Work task | Copy the listing that follows exactly. Its pictures do not belong in the copy.

Provided material |
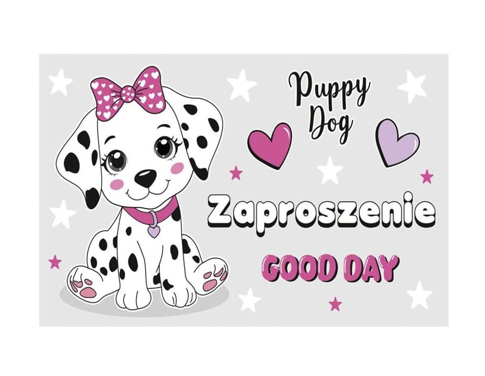Czarno-białe łatki i mnóstwo uroku – dalmatyńczyk gotowy na imprezę! Zaproszenia z wesołym psiakiem to świetny wybór dla dzieci kochających czworonogi. Szykujcie się na zabawę z merdającym ogonem!
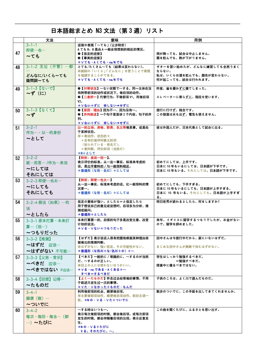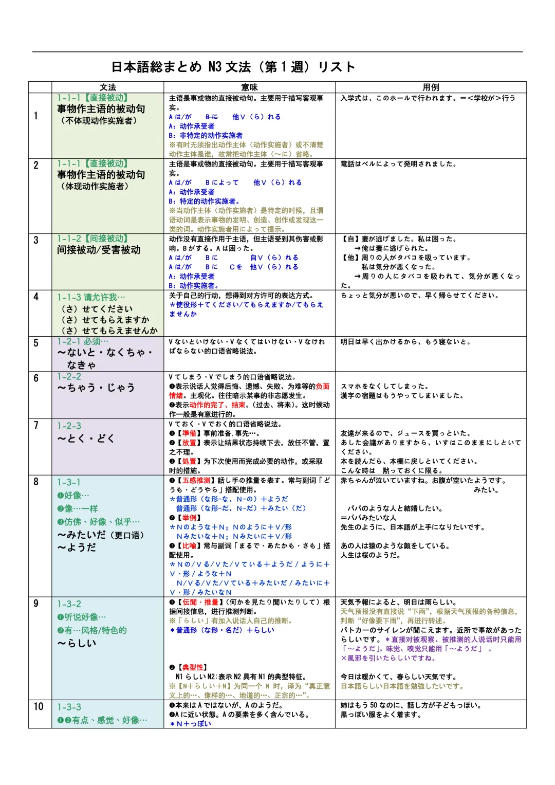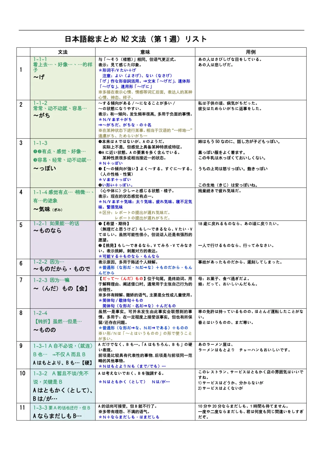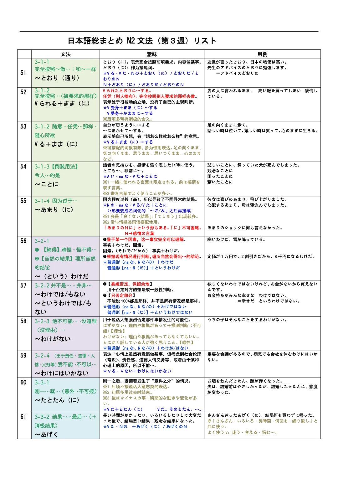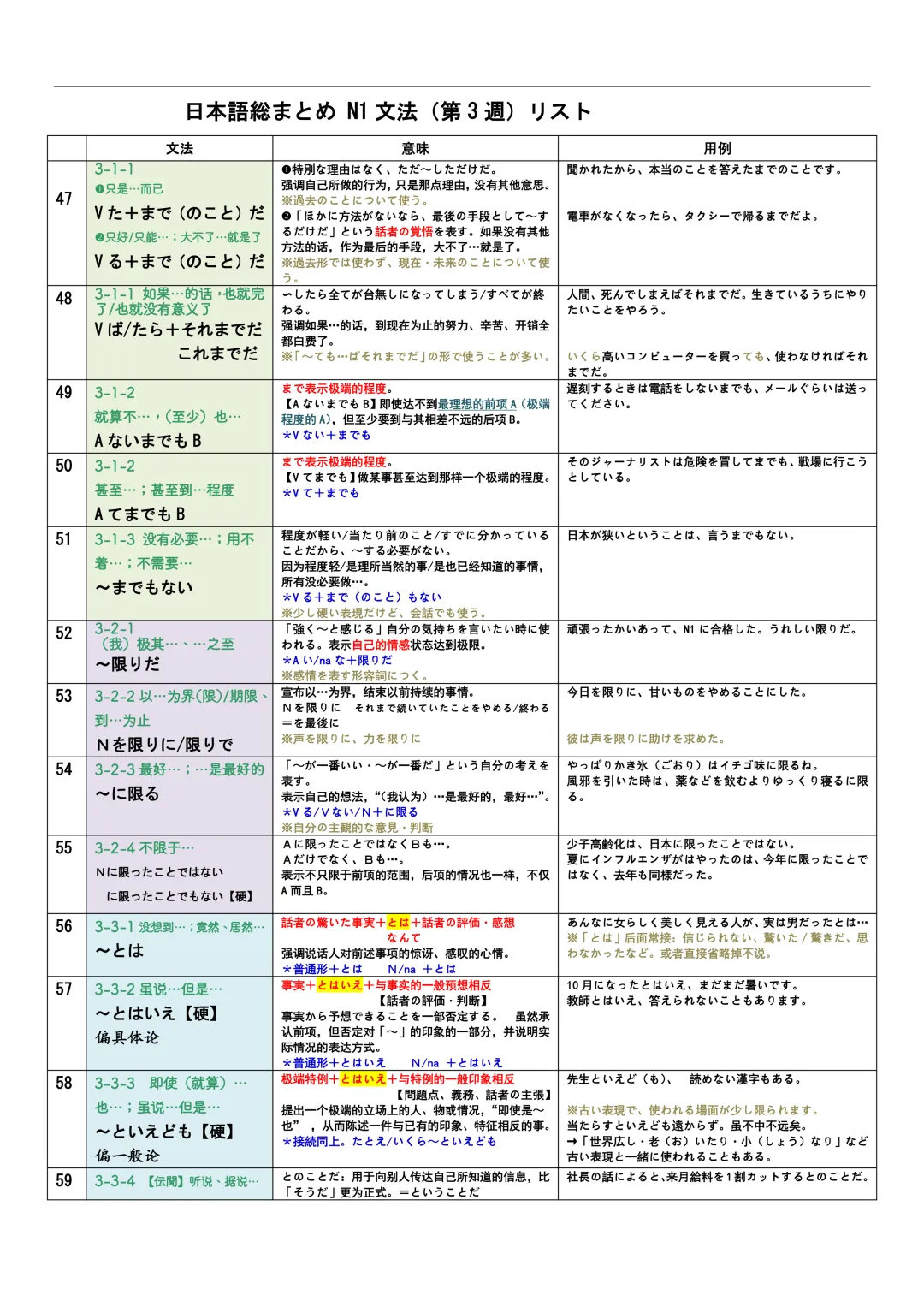 JLPT资料|N3-N1文法リスト/可下载
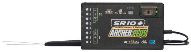 Frsky SR10+ er en 10-kanals mottaker med innebygget 3-akset gyro og akselerometer for å stabilisere modellfly under flyving. Kan også brukes som redundancy mottaker sammen med andre FrSky ACCESS&ACCST-mottakere med SBUS-port.
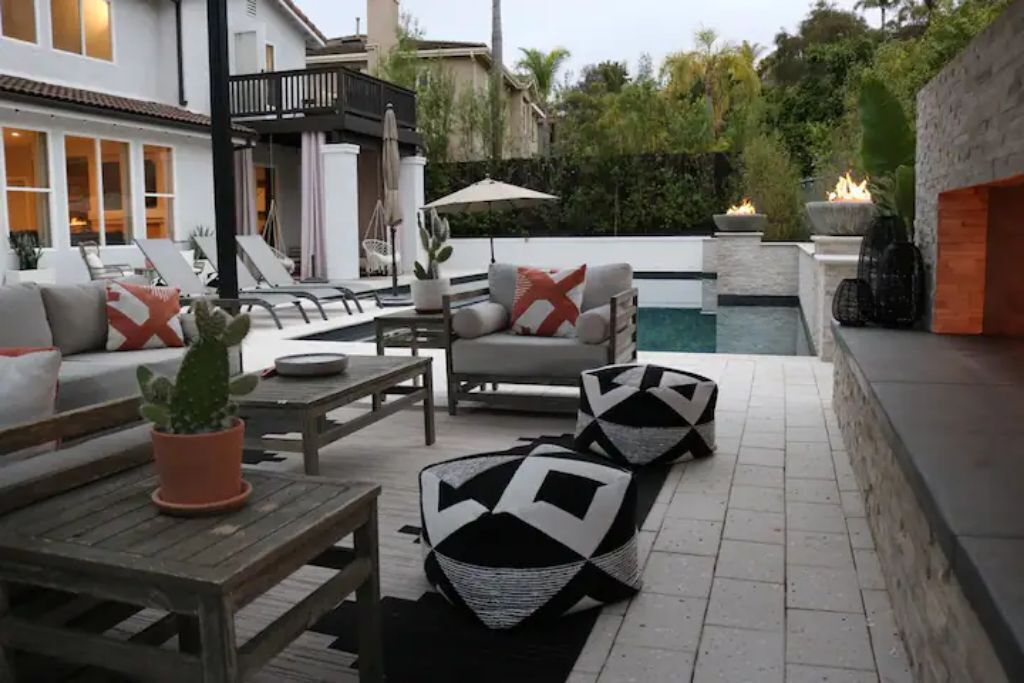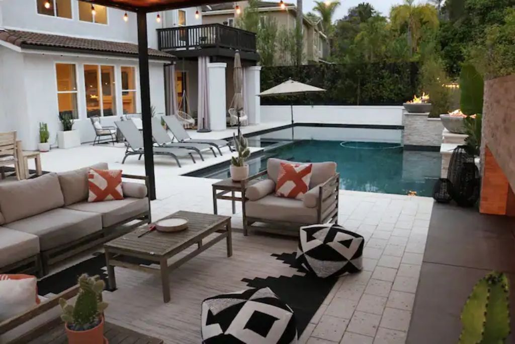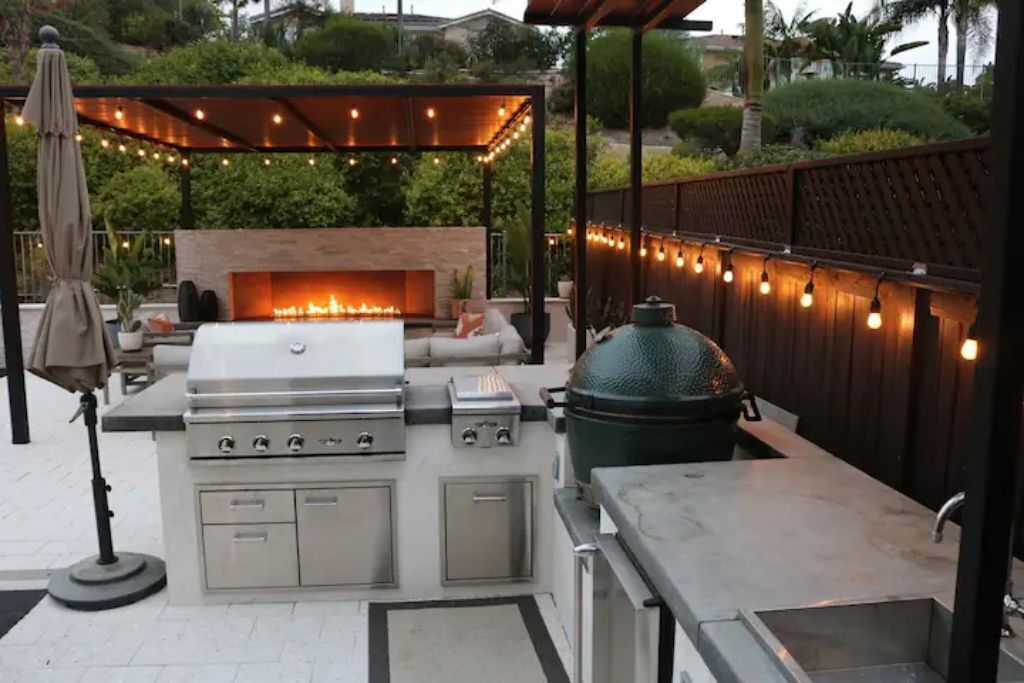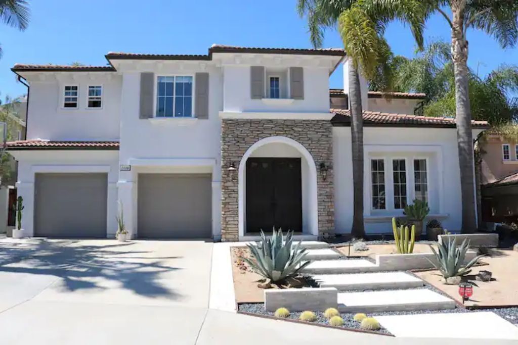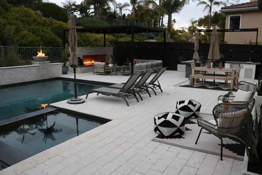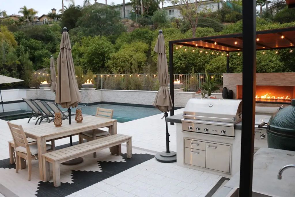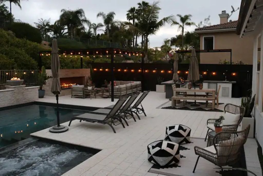 Luxury Resort Pool Home Exquisite 4,100 sf Luxury home in North County San Diego with new chef’s dream kitchen with all Viking appliances. Modern backyard resort with incredible solar heated pool, hot tub, outdoor kitchen, covered lounge areas, and massive fireplace. 4 bed/4 bath, and 2 separate living rooms offer comfort and convenience. Pool table and ping pong room for your entertainment. 4 fireplaces and 5 large flat-screen TV’s. Dedicated office/work space. Workout area with free weights, bench, and equipment.The spaceBackyard offers an incredible resort experience. Large modern fireplace with an outdoor seating area covered with fine Ipe hardwood. The large modern pool is perfect for swimming laps or just cooling off. The pool is solar heated, and includes 3 waterfalls. The jacuzzi can be heated quickly with the push of a button. The outdoor kitchen includes a Delta Heat gas grill, 2 burners, sink, refrigerator, and a Big Green Egg for your grilling enthusiasts.Large dining room, pool table, and ping pong room. The master bath is a perfect place to relax. Draw a bath in the claw-foot tub, or take a long hot shower. Huge walk-in closets. There are 5 work stations/desks if you need to get some work done. Brand new washer and dryer in the laundry room. Fully equipped kitchen for all your cooking and entertaining needs.Sorry, no pets allowed. Owners are allergic.Guest accessThere is room for 2 cars in the driveway, and plenty of street parking available.Access to the front door is through a digital keypad, so there are no keys to worry about.Other things to noteOur home is located just minutes from Encinitas and Carlsbad beaches, Legoland, Lake San Marcos, Del Mar, and La Jolla. Enjoy the incredible parks, lakes, restaurants, and beaches, which are all very close.No access to garage - Owner's storage
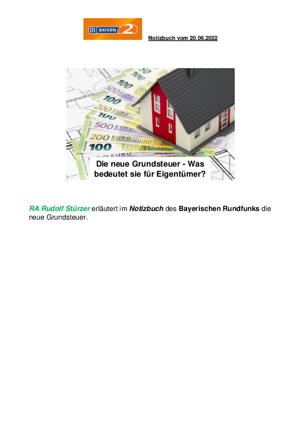 RA Rudolf Stürzer erläutert im Notizbuch des Bayerischen Rundfunks die neue Grundsteuer.

Exercise output |
Czarno-białe łatki i mnóstwo uroku – dalmatyńczyk gotowy na imprezę! Zaproszenia z wesołym psiakiem to świetny wybór dla dzieci kochających czworonogi. Szykujcie się na zabawę z merdającym ogonem!
 JLPT资料|N3-N1文法リスト/可下载
 Frsky SR10+ er en 10-kanals mottaker med innebygget 3-akset gyro og akselerometer for å stabilisere modellfly under flyving. Kan også brukes som redundancy mottaker sammen med andre FrSky ACCESS&ACCST-mottakere med SBUS-port.
 Luxury Resort Pool Home Exquisite 4,100 sf Luxury home in North County San Diego with new chef’s dream kitchen with all Viking appliances. Modern backyard resort with incredible solar heated pool, hot tub, outdoor kitchen, covered lounge areas, and massive fireplace. 4 bed/4 bath, and 2 separate living rooms offer comfort and convenience. Pool table and ping pong room for your entertainment. 4 fireplaces and 5 large flat-screen TV’s. Dedicated office/work space. Workout area with free weights, bench, and equipment.The spaceBackyard offers an incredible resort experience. Large modern fireplace with an outdoor seating area covered with fine Ipe hardwood. The large modern pool is perfect for swimming laps or just cooling off. The pool is solar heated, and includes 3 waterfalls. The jacuzzi can be heated quickly with the push of a button. The outdoor kitchen includes a Delta Heat gas grill, 2 burners, sink, refrigerator, and a Big Green Egg for your grilling enthusiasts.Large dining room, pool table, and ping pong room. The master bath is a perfect place to relax. Draw a bath in the claw-foot tub, or take a long hot shower. Huge walk-in closets. There are 5 work stations/desks if you need to get some work done. Brand new washer and dryer in the laundry room. Fully equipped kitchen for all your cooking and entertaining needs.Sorry, no pets allowed. Owners are allergic.Guest accessThere is room for 2 cars in the driveway, and plenty of street parking available.Access to the front door is through a digital keypad, so there are no keys to worry about.Other things to noteOur home is located just minutes from Encinitas and Carlsbad beaches, Legoland, Lake San Marcos, Del Mar, and La Jolla. Enjoy the incredible parks, lakes, restaurants, and beaches, which are all very close.No access to garage - Owner's storage
 RA Rudolf Stürzer erläutert im Notizbuch des Bayerischen Rundfunks die neue Grundsteuer.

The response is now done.